Opinion Pieces Address Maritime Aspects Of Proposed Food Aid Program Reforms

The following opinion pieces address food aid program reforms proposed by the Obama administration in its FY 2014 budget request.

  • Reps. Elijah Cummings (D-Md.), Duncan Hunter (R-Calif.), Nick Rahall (D-W.V.), U.S. News & World Report: “[T]he Obama administration recently proposed restructuring the food aid program as primarily a cash voucher system — effectively handing out cash overseas, not food,” the U.S. Congress members write, adding, “Supporters of this drastic change … are missing important facts about U.S. food aid programs and the U.S. merchant marine.” They continue, “Food aid, carried on U.S.-flag commercial vessels pursuant to cargo preference laws, provides essential cargo for our domestic fleet,” and they note that “merchant mariners and vessels sustained by food aid cargoes have provided 95 percent of the sealift capacity that has supported our troops in Afghanistan and Iraq at a cost dramatically lower than if the Pentagon had to maintain this capacity using wholly government-owned assets and federal employees.” The authors conclude, “Before considering such dramatic alterations to existing food aid programs, we must recognize that there are no viable, lower cost alternatives to replace this vital sealift capacity” and “acknowledge that any such changes would only speed the decline of the U.S.-flag commercial fleet and destroy the livelihoods of the thousands of U.S. seafarers who sail those vessels” (5/21).
  • John Norris, Foreign Policy: Noting “more than half of every dollar spent on U.S. food programs currently goes to shipping and transportation costs rather than lifesaving food,” Norris, executive director of the Sustainable Security program at the Center for American Progress, writes that the maritime industry’s arguments against food aid reform — “that the current food aid system should not be changed because it ‘provides support for our U.S. Merchant Marine’ and is ‘essential to our national defense sealift capability'” — “are perhaps the most risible.” The 1954 law “mandat[ing] that the majority of U.S. food aid commodities be shipped aboard U.S.-flagged vessels … was a reasonable Cold War policy originally meant to ensure that additional ships and their naval crews were available during times of war,” he writes.

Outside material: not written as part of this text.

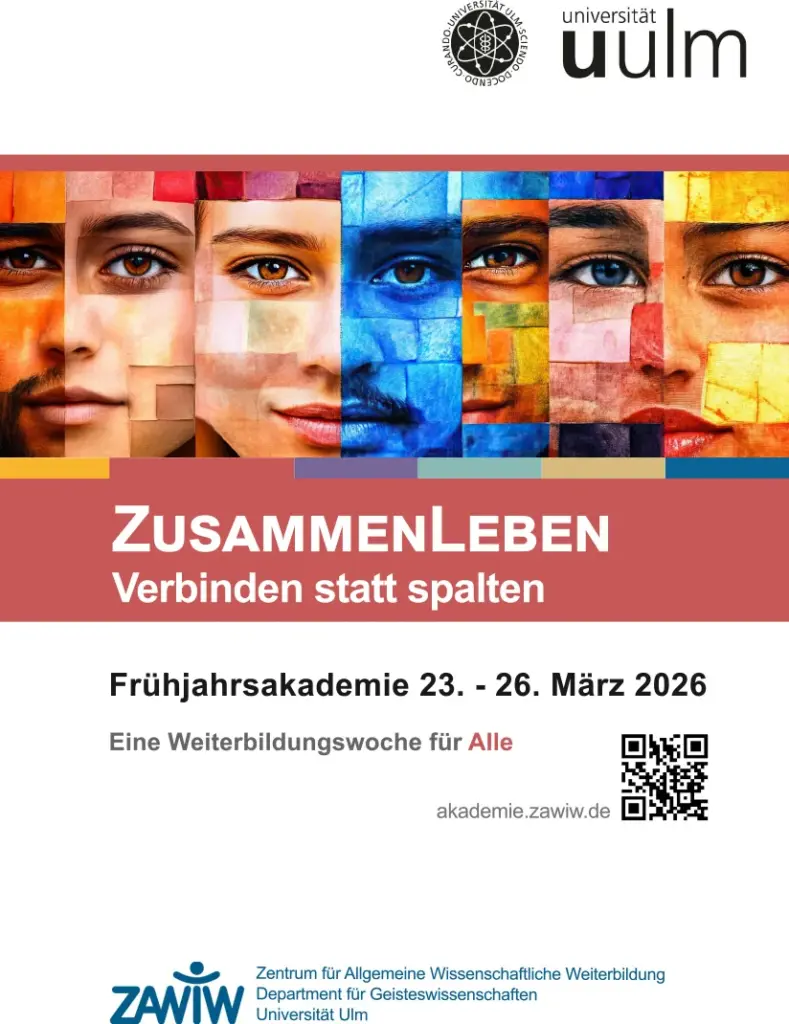 Gesellschaft ist eine gemeinsame Aufgabe. Die Frühjahrsakademie 2026 des Zentrums für Allgemeine Wissenschaftliche Weiterbildung (ZAWiW) der Uni Ulm bietet Impulse, Zusammenhalt neu zu denken und Wege zu erkunden, wie ein solidarisches Miteinander gestärkt werden kann. Insgesamt fünf Vorträge erlauben einen facettenreichen Dialog über Demokratie, Gerechtigkeit, Vielfalt und Verantwortung – und laden dazu ein, Gemeinsamkeiten und Verbindendes neu zu entdecken. Daneben gibt es Arbeitskreise, Raum für Begegnungen und die beliebten Mittwochsangebote.

However, “[t]he Department of Defense has been blunt in saying that it doesn’t need cargo preference to keep a stand-by fleet at the ready,” he says. In addition, “the farce that is ‘American flagging'” means “‘American’ companies can be subsidiaries of foreign corporations,” Norris writes, noting “one of the fiercest advocates against food aid reform has been Danish shipping giant Maesrk” and “[t]he actual number of U.S. maritime jobs affected by reforming food aid would be small.” He concludes, “Congress has all the evidence it needs to do the right thing on food aid. Whether it has sufficient spine is another question entirely” (5/21).